Protocol

Version 1 (DRAFT)

Goals

The goals of this protocol are:

  1. Provide semi-trusted parties with the means of peer-to-peer communication in group chats (channels)
  2. Efficient synchronization of channel messages between semi-trusted peers
  3. Confidentiality and integrity of messages. Only past and current channel participants can read the messages. Read and write access has limited timespan. Malicious parties cannot modify message content
  4. Eventual consistency. Messages must be viewable offline. New messages can be posted offline and distributed once remote peers are available.

Security Disclaimer

Current version of protocol DOES NOT have:

Notes

Here and below Sodium is used for all cryptography operations.

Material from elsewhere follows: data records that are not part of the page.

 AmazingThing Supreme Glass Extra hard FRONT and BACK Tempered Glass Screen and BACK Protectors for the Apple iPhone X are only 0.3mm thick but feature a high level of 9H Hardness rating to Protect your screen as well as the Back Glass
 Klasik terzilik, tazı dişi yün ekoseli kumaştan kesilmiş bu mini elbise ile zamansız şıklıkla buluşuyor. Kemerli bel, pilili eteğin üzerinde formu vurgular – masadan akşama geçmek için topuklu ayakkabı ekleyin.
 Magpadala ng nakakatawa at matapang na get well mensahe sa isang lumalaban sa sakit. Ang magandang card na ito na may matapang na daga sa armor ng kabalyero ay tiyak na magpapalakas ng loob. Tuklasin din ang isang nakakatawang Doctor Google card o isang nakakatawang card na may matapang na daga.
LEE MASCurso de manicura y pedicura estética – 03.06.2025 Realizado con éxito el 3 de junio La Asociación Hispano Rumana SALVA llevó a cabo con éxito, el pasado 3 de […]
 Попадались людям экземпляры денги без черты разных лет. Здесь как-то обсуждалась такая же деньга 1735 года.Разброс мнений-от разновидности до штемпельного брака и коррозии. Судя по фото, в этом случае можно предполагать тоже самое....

Protocol Buffers are used for encoding of all messages.

Inspired by DAT, channel identifiers are generated with:

channel_id = HASH(channel_pub_key, 'peerlinks-channel-id')[:32]

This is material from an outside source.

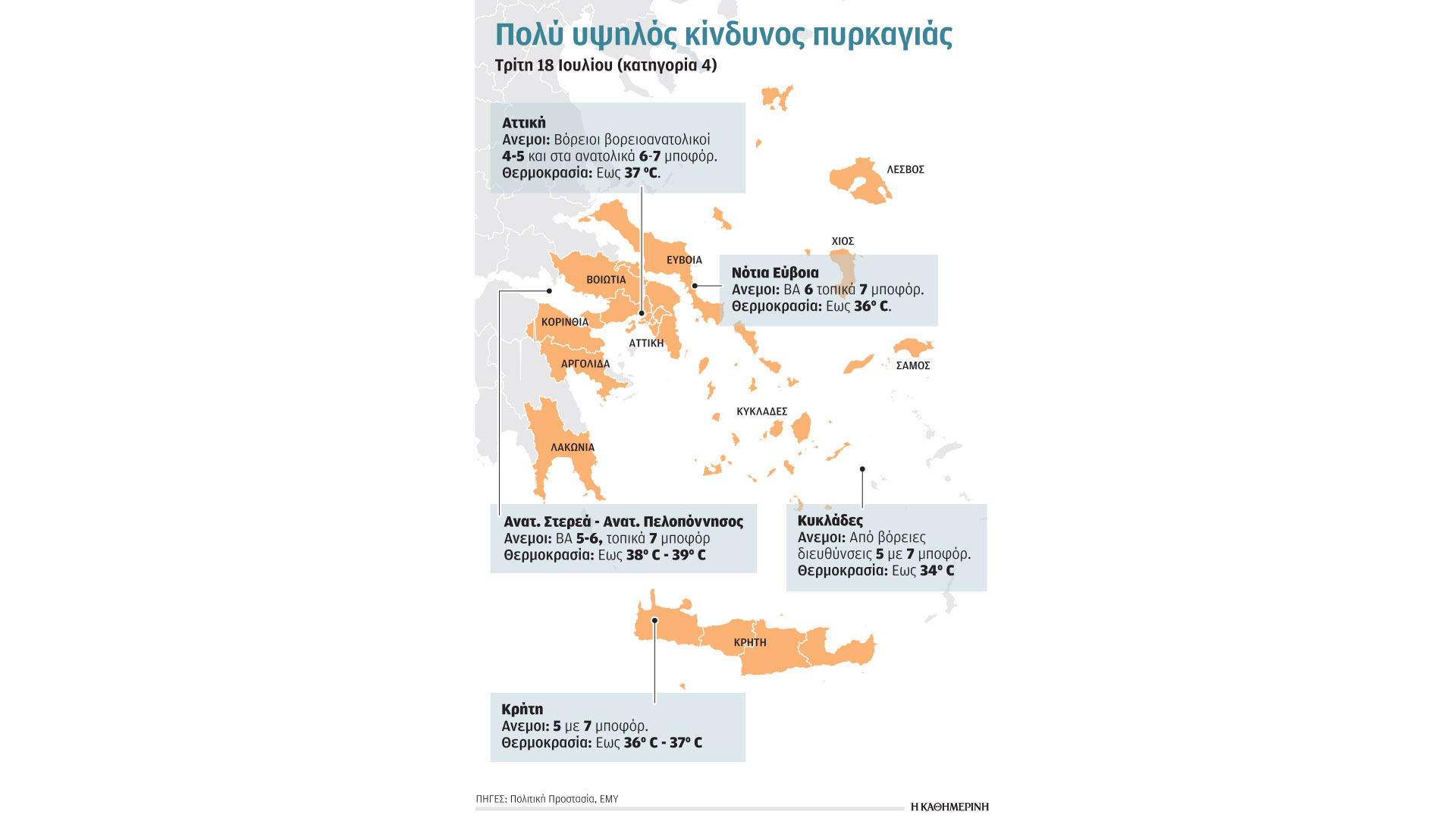 Για σήμερα Τρίτη 18 Ιουλίου η Γενική Γραμματεία Πολιτικής Προστασίας προειδοποιεί για πολύ υψηλό κίνδυνο εκδήλωσης δασικών πυρκαγιών (κατηγορίας 4) στις εξής περιοχές: Αττική, τμήματα της Βοιωτίας, κεντρική και νότια Εύβοια, Κορινθία, Αργολίδα, τμήματα της Λακωνίας, Κυκλάδες, νησιά βορείου Αιγαίου (Λέσβος, Σάμος, Χίος, Ικαρία) και Κρήτη.

All SyncRequests are encrypted with crypto_secretbox_easy and crypto_secretbox_open_easy using:

symmetric_key = HASH(channel_pub_key, 'peerlinks-symmetric')[:crypto_secretbox_KEYBYTES]

and random nonce.

The protocol below is transport-agnostic in a sense that it could be run using any available transport: MultipeerConnectivity, https, …

Everywhere below “TBS” stands for To Be Signed and indicates the data that is signed by some secret key, and the signature is stored in signature field of next to tbs field.

Initialization sequence

The first message over any wire protocol MUST be:

message Hello {
  uint32 version = 1;
  string peer_id = 2;
}

NOTE: peer_id.length MUST be checked to be equal to 32 bytes.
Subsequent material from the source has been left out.